Rob, Joe, and Mike are brothers who have a $60,000 "first-to-die" Joint life policy covering all three of their lives. If Joe dies first, the policy proceeds
A. will not provide further insurance protection.
B. must be shared equally by Rob and Joe's wife.
C. will accumulate with interest until another brother dies and then be awarded to the surviving brother.
D. must be awarded to Joe's estate.
Making a statement that is false and maliciously critical of the financial condition of an insurer is known as
A. coercion.
B. defamation.
C. intimidation.
D. misrepresentation.
It is unlawful for a person to provide an advertisement which
A. uses a testimonial.
B. refers to the insurer's financial rating.
C. points out coverage advantages of a policy.
D. uses a policy title to inaccurately describe a coverage.
What does a limited payment whole life policy provide?
A. Protection to age 65.
B. Life time protection.
C. A lower premium.
D. Pure protection.
An exposure Is a condition or situation that presents the possibility of
A. hazard.
B. peril.
C. indemnity.
D. loss.
Which rider would allow additional insurance to be purchased at specified dates or events, without additional underwriting?

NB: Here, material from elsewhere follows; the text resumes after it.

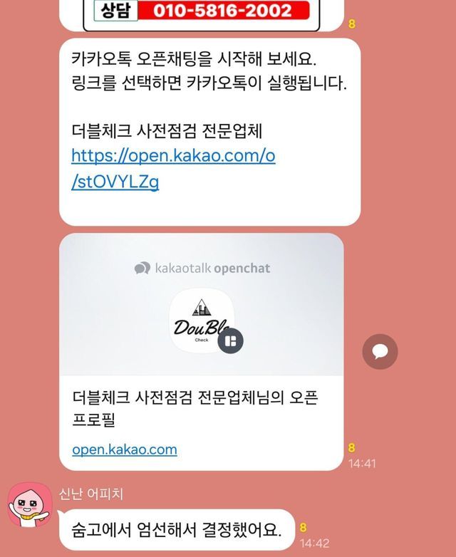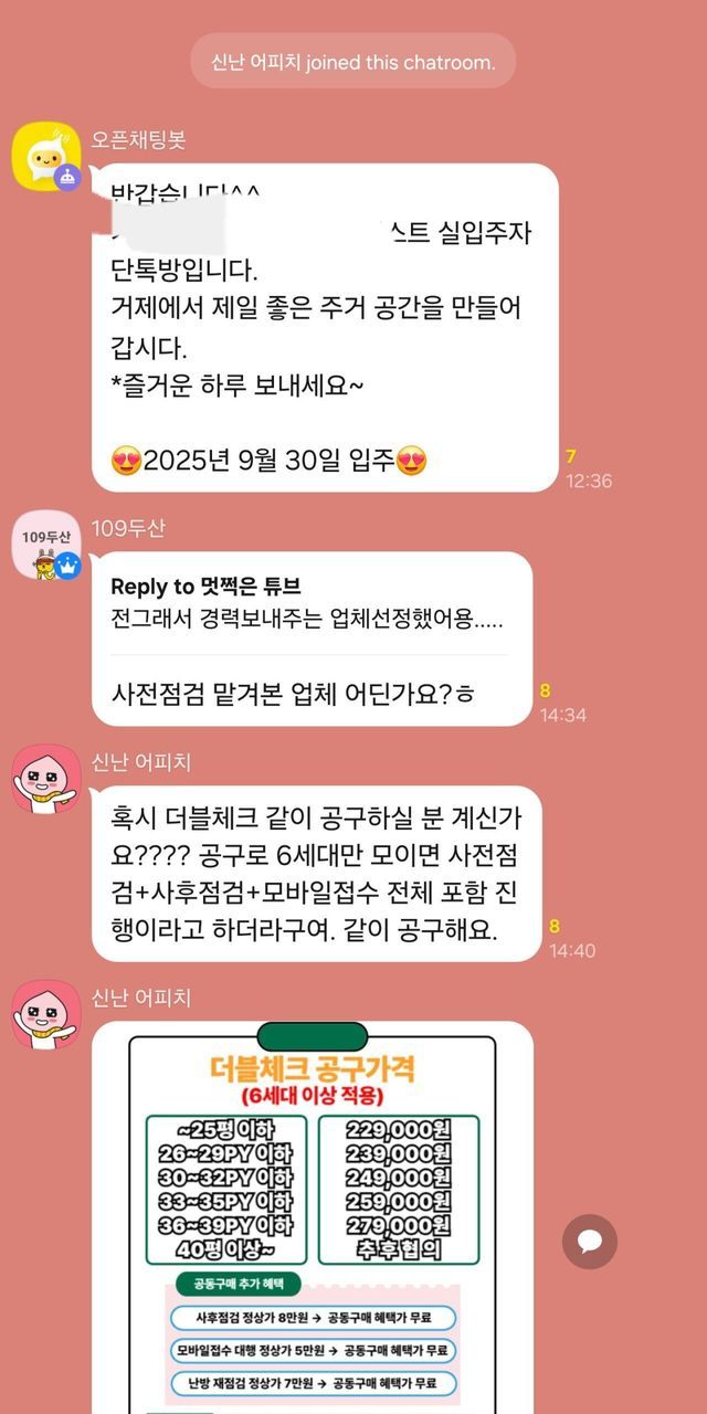 사건의 발단은 이렇다. 어느 날 갑자기 '신난 어피치'라는 닉네임의 한 입주민(?)이 특정 사전점검 업체를 엄청나게 추천하기 시작함. '더블체크'라는 곳인데, 자기가 알아봤다면서 공동구매하면 싸다고 계속 바람을 잡는 거임.(들어오자마자 저럼, 한두번 저런것도아님)

A. Guaranteed renewability.
B. Guaranteed insurability.
C. Cost of living.
D. Disability income.
An accelerated death benefit
A. pays an additional benefit if the policyholder dies as a result of an accident.
B. allows the policyowner to sell their policy to a third party.
C. pays a portion of the face amount when a policyowner Is determined to be terminally ill.
D. pays only in the event of an accident resulting in death.
All the following riders can Increase the death benefit amount EXCEPT
A. Cost of Living.
B. Waiver of Premium.
C. Accidental Death Rider.
D. Guaranteed Insurability.
An Insurer would consider which of the following In determining whether to accept a group life plan?
A. Grace period
B. Beneficiary
C. Average age
D. Dependents
Risks are generally NOT Insurable if
A. there are many individuals who may also experience a similar loss.
B. the policyholder has a policy from another insurer.
C. deductibles would be required.
D. the loss is expected.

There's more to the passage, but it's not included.